The main contribution of EH is not the use of SIMD, it is the implementation
of new WCO join execution strategies that _hadn 't_ been developed in the past
40 years of RDBMSes.

If you wanted that behavior, with its orders-of-magnitude performance
improvements, you _could not get it_ from an existing optimizing RDBMS---not
HyPer, nor MonetDB, nor anything else in your list---but you could get it from
a more programmable data-parallel system.

> Well, if computation's all you need ...

It is _a_ thing I need, which is exactly the point. If the RDBMSes don't
provide the performance (or anything within 100x) you can get from a more
programmable system, you need a different solution.

Stonebraker's claim was that MR was a huge step backwards, which is BS to the
extent that RDBMSes weren't solving the problems Google (and others) had. No
amount of fantasy query optimization was going to take SQL to the performance
of MR or MPI codes (even circa 2009, Vertica still had no support for UDFs).

You are of course welcome to list other things that RDBMSes are good at, and
that's great. However, Stonebraker's claim isn't that RDBMSes have some value
(which everyone I know agrees with), his claim is that MR was a shit model and
everyone should be using RDBMSes instead (preferably his).
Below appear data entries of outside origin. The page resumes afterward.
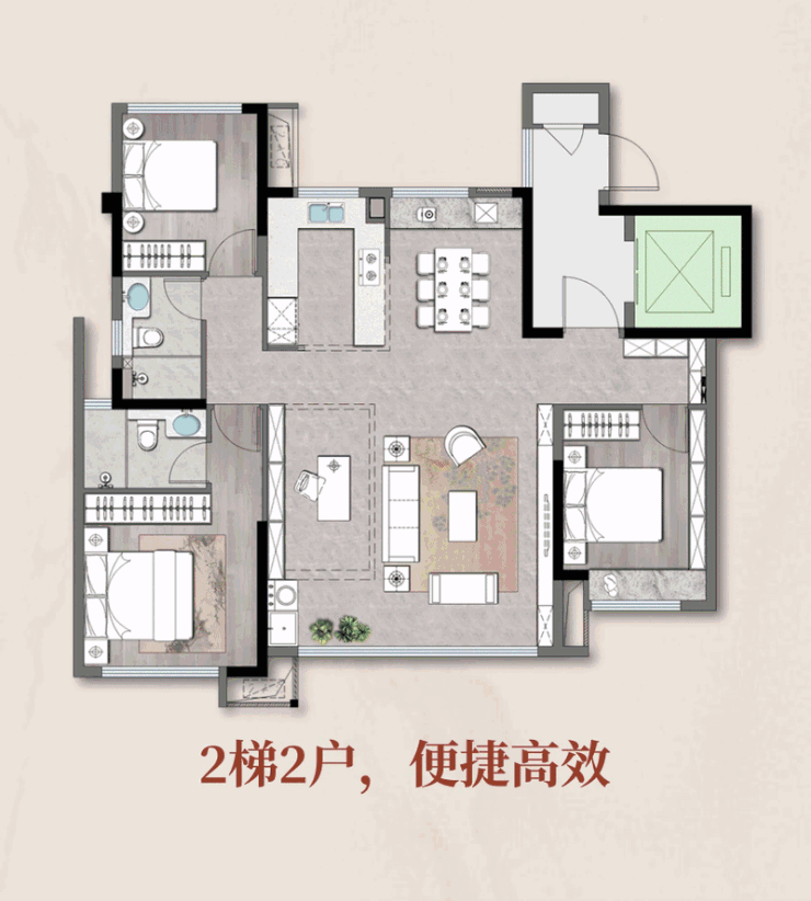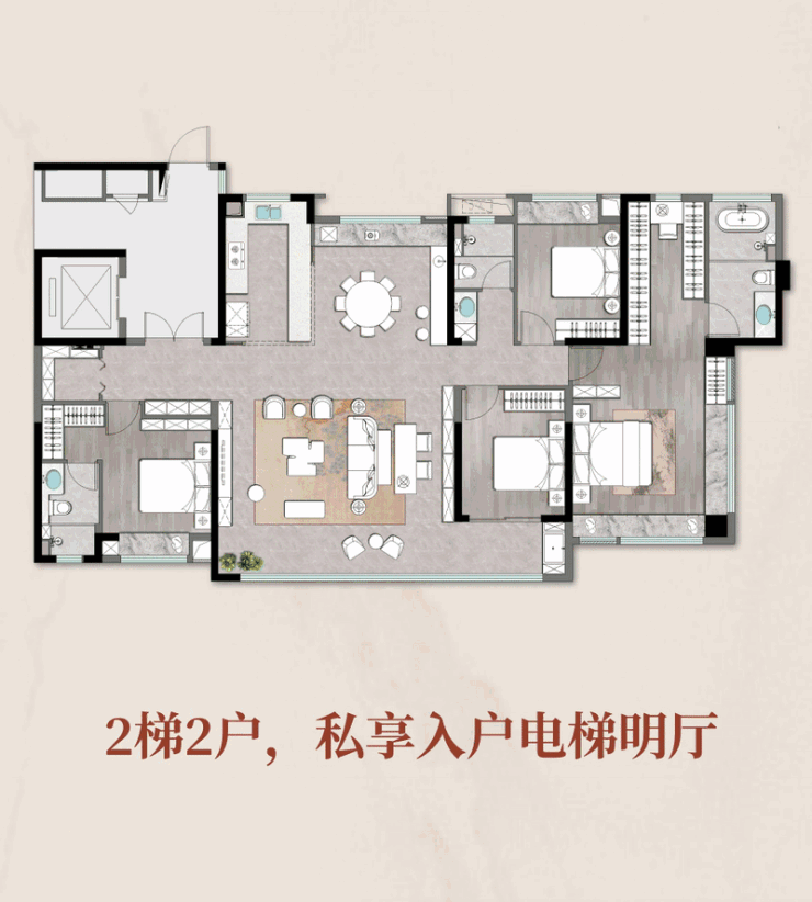 ● 2梯2户,私享约4㎡独立入户电梯厅,礼遇尊崇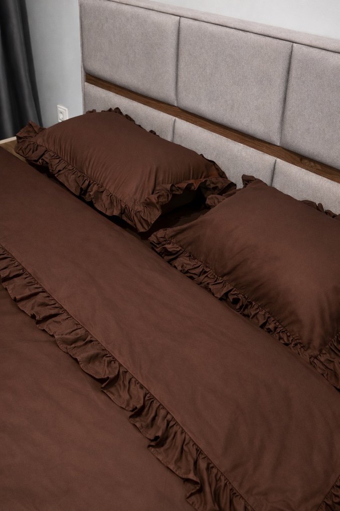 Kahverengi Fırfırlı Yatak Örtüsü Seti,sipariş üzerine dikilir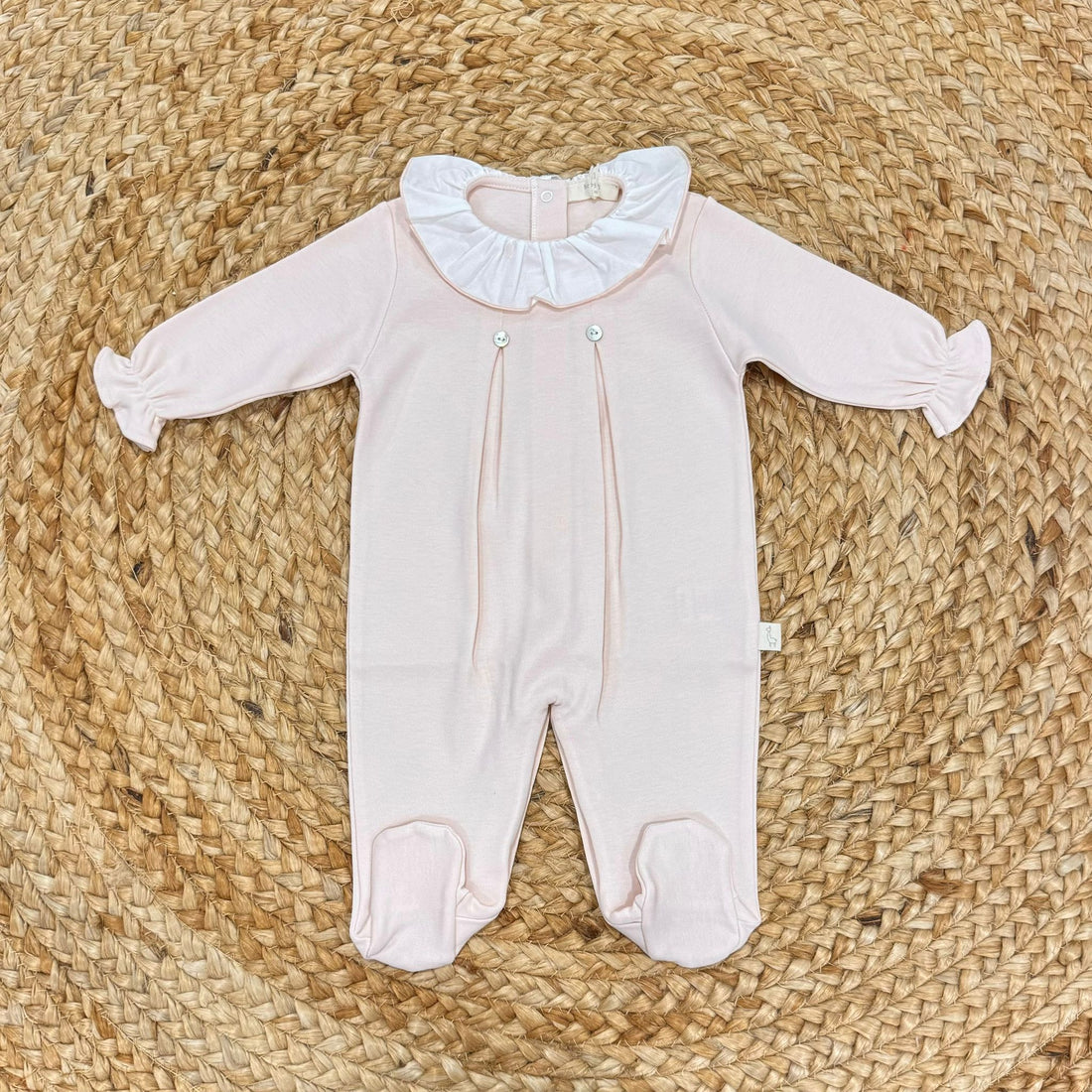 tutina in puro cotone con bottoncini madreperla e collo rouches

> If you're saying RDBMSes are bad at graph computations, then sure. That's
> unsurprising. But that's not what we were talking about! :-/

Remind me what that was, then? It seemed like we were talking about whether
there was a heavy pro-RDBMS bias in the redbook, which I think is (i) fair,
and (ii) fine. I also think Stonebraker is wrong in his claim that MR set
things backwards because (as I referenced) RDBMSes weren't _there_ to be set
back from. If anything, it _prompted_ a great deal of new work that led to
improvements in areas he was blind to. A concrete example of this (e.g.
iterative computation) seems totally on-topic.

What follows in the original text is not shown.